New Year’s resolution 2015

March 15, 2015

I didn’t think about New Year’s resolutions when the calendar turned this year because I was so busy with my mother and her affairs.  But now that she is gone and buried and her affairs are at a point where they take up less room, at least temporarily, on my plate, the question of what I want to work on this year came to my attention.

I decided I want to work on my defensiveness.  I know it gets in my way.  It gets in other people’s way, too, I think.

My next thought was a memory of Willy sitting in an office with someone who was supposed to help our family, about whom I had my doubts and suspicions.  And there he was, sitting on the couch in her office, leaning back and with his arms so undefensively crossed above his head, his torso exposed (beneath shirt, tie, and jacket), talking so genially.

I can’t say how effective his attitude was in that situation, and I know it was not self-consciously produced.  But he was offering no resistance, and that, I am pretty sure, can be a good thing in some situations in which I unhelpfully introduce my baggage of fear about what may come next.  The thing I want to try doing is staying in the actual moment and worrying less about where it will lead.  I don’t mean suspending my practical judgment and not making a photocopy of an important document before I send it out, but I think there is a point of balance that I have overshot; perhaps I have learned to overshoot it, but we can unlearn survival skills that got us through one situation that are now getting in our way.

So that’s, I think, going to be my approach, to try to stay in the moment, discern what I am called on to do without so much concern about what comes next, what sort of a limb I might be going out on or what trouble might ensue from the other end (will the office process my paperwork correctly and how can I, in how I prepare it, guard against it doing it incorrectly, for example) — I want to try to wait to see, to wait and see, and not get all tensed up about it.  I want to put my best foot forward instead of arranging it according to what I think may come next.

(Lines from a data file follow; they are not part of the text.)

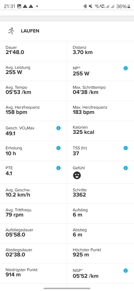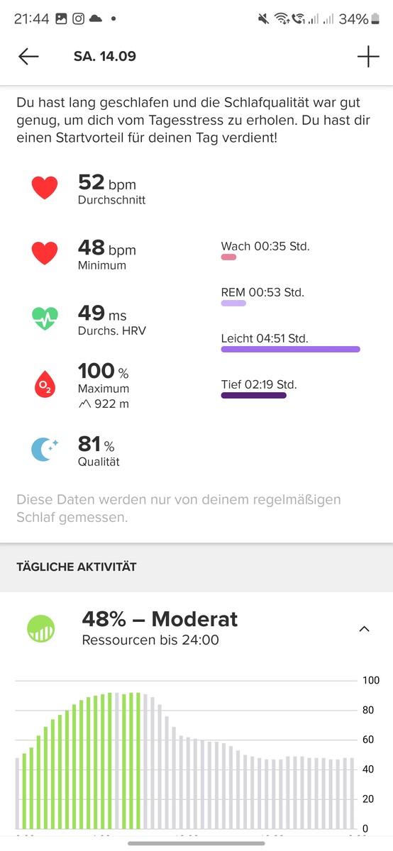 In der App werden außerdem Werte für die durchschnittliche Herzfrequenz, die minimale Herzfrequenz, die Herzfrequenzvariabilität und die Blutsauerstoffsättigung mit Angabe der Höhenmeter angegeben. Der Schlaf wird zudem mit einem Prozentwert bewertet.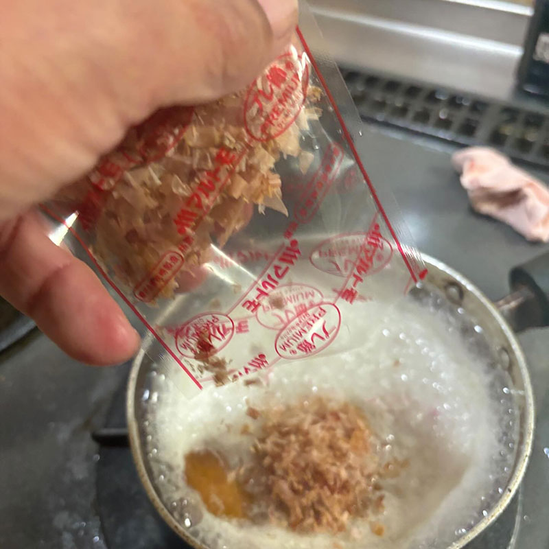 沸騰したらパックの鰹節もそのまま入れてしまう(濾さない)。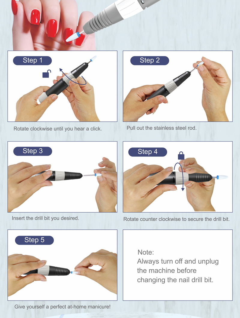 Nagelboorset Elektrisch om gellak te verwijderen 65w 35000rpm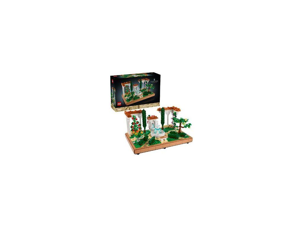 LEGO® Záhrada s fontánou obsahuje stupňovitú fontánu, lavabo, 2 cyprusy, kvitnúcu vínnu révu, 4 pergolya dláždené cestičky a figúrku mory, vtáka a žaby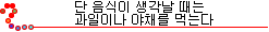 | 단 음식을 좋아하는 사람들이 살이 찌는 경향이 많다. 단 음식에 대한 욕구가 생길 때 과일이나 야채를 먹는 습관을 들이면 조금이나마 살이 더 찌는 것을 방지 할 수 있다. 또한 야채나 과일은 많이 이용할수록 좋기 때문에 손쉽게 먹을 수 있도록 미리 손질하여 준비해두는 것이 좋다. |

I got a sense of what that would feel like both when Willy died and when my mother died — it was as if I got a preview of how I could be, and I have to say, it felt great.  It wasn’t irresponsibility but something like allowing everything to take its appropriate place.  Having gotten that preview, I have to figure out a way, I think, of how to develop organically to get from where I am to that place — the sensation and attitude did not stick.

I think this may apply to personal relationships as well as to business contexts.

We’ll see.  At the very least, I am hoping that I feel lighter, that I feel less regret that I have contributed unnecessarily to the creation of vexed interactions with others.  I am pretty good at figuring out what I want to do in other ways so that I have least regret, but I think I have not yet addressed how my defensiveness can produce difficulties in that regard.

In some ways I think it’s a question of editing out that aspect in my presentation of myself to others — I doubt I will have no concerns about what will happen next — but in other ways I think it’s about “turning things over” more — I tend not to turn over my love life or my bureaucratic life enough, I think.  That would be about feeling less of the concern that produces the defensiveness in the first place.  If I give more space for the universe to work in those situations in my life, I am hoping I will feel greater peace, the sort of sensation I got a preview of when my loved ones died in my presence.